Arriving back in Scotland on Sunday night, I had a ticket for Ann Liv Young, but felt an overwhelming urge to engage in a positive action with clarity and surety, so instead I visited Tim and his partner, taking food and juice. I wondered why going to see Mermaid didn’t seem as valid a positive action in this moment? Is seeing this work a positive action? Many friends of mine who are artists would I’m sure feel frustrated by what I am saying now. They would say that art with a genuine inquiry is a positive entity in the world, full stop. Beyond that we shouldn’t be so hung up on labelling it in terms of what it does, and that naming it in this way only encourages the compartmentalisation of everything in our society, which art should-in it’s very nature-avoid, subvert and transcend. They might say that I am narrowing the way in which to interact with work, and in some ways I agree. Perhaps it is too much to want to place values on art in this way, as maybe it feels too close to the values you might place on a labour party manifesto, on a cup of starbucks or on whatever dress Jennifer Anniston is wearing this month in one of those magazines.  I feel in agreement this to.  I am however caught up in a need for the artist to play a positive role in our world right now. This because I value art and creative above Politics (big P) and economics and all the other things that appear to be failing people and animals and life in general on our earth right now. You only need to open the paper, or just walk down my local high street in Ayr, or talk to practically anyone to know there’s much work to be done in our world.  I suppose I am grateful for the work that becomes a language and entity of it’s own, that is beyond our ideas of positive and negative action in this context, that re-invents our ability to look and see.

I wonder now how important it is for me that the artist has a positive intention in the world, perhaps because I see art and creativity as part of a possible solution for ‘better’. This doesn’t mean using a popularist aesthetic, or avoiding the complexities and difficulties of our modern world, or conforming to the value systems of the Guardian, or creative scotland, or anything else, but for me I appreciate work that thinks of itself as a contribution -even if in it’s form and delivery it is difficult, provocative and challenging, or if the worldview informing that contribution is radically different from mine.
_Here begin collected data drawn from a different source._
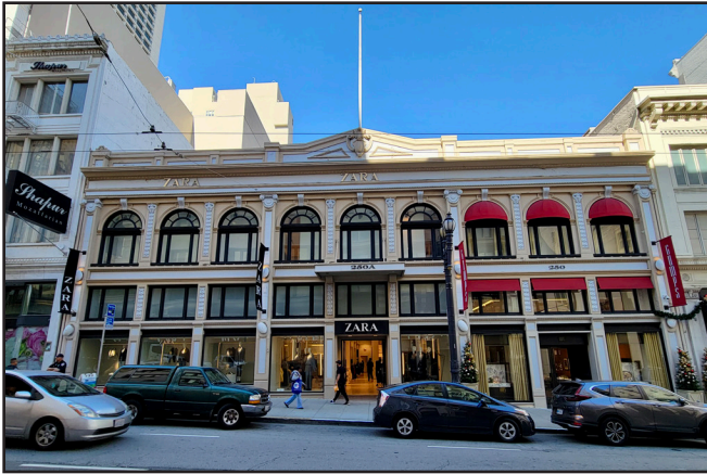
The space is a portion of the premises that housed the historic Gump's store for nearly a century.
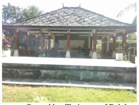
Fig. 9 Halal Restaurant Owned by Chairman of Pokdarwis Prabu Village

This halal restaurant is made from the personal processing of prabu mountain gold mine. The halal restaurant owned by the chairman of Pokdarwis can be seen in figure 9.
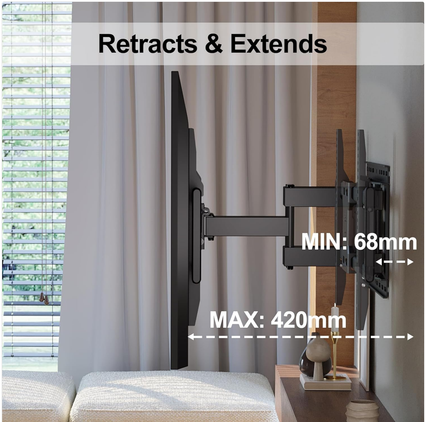
Image: A side view of the TV mount demonstrating its extension and retraction capabilities. It shows the mount retracting to a minimum distance of 68mm from the wall and extending to a maximum of 420mm, highlighting its space-saving and flexible design.
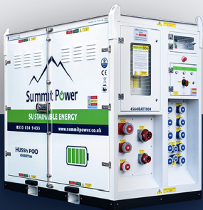
BATTERY ENERGY STORAGE SYSTEMS
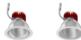
Haze w/White Ring
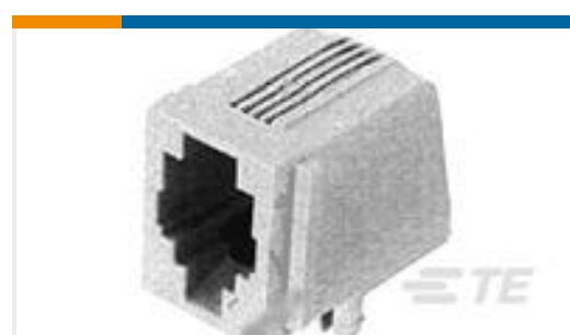
TE Part #5555980-1 MJ,R/A,4P/4C,TRAY PACK
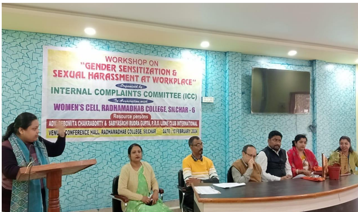
Workshop on 'Gender Sensitization and Sexual Harassment at Work Place' on 10/02/2024
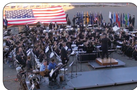
2016 Premier "That our flag was still there"

As early as 1990, ABC frequently did first performances of new pieces written by Hollywood composer, Warren Barker.
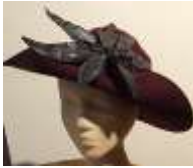
#182 Wine wool with velvet ribbon, black petal accent
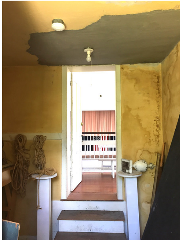
1. Looking East. June 12, 2020.

I remember working with Gary Winters from Lonetwin and whilst we were making something he asked: ‘what is the job of this work?’ I appreicate work which knows it’s ‘job’ in the world. I wonder if this comes down to what the artist thinks of their role, and whether the viewer can trust or discern the intentions of the maker. Often when seeing work I can feel confused about artist’s intentions, and sometimes I wonder if the artist themselves are clear on them at all. I am enticed by  live inquiries, critical consciousness and some sense of responsibility. Having said this I am not dogmatic, which I also think is dangerous, and am always open to the inevitable learning on offer from all around me. All this feels very live to me right now as in terms of  Fatherland, Motherland  I/it doesn’t know its role as yet.  It is finding it’s usefulness with time, but this process is slow. I don’t want to ‘name’ it, but instead I want to discover it with time and through practice. Whether this will happen in time for the presentation of the work I do not know, but the process is rich!

I am aware also, that everything I write can be problematised, but this is not a bad thing -quite the opposite!  I do not need to feel I am ‘right’ about things, I just need to feel I am interested and can be honest.

5. A conversation about something I did not see.

On a different note, I spoke with the wonderful Robert Softley about the ‘job’ of his work, which I sadly missed last week. I have posted this audio. Apologies for the quality, you have to listen carefully as it was recorded on my computer and is a bit muffled.

This is one of the ways I can respond to things I have never seen.  Or by painting gates maybe, or making a performance or writing a blog.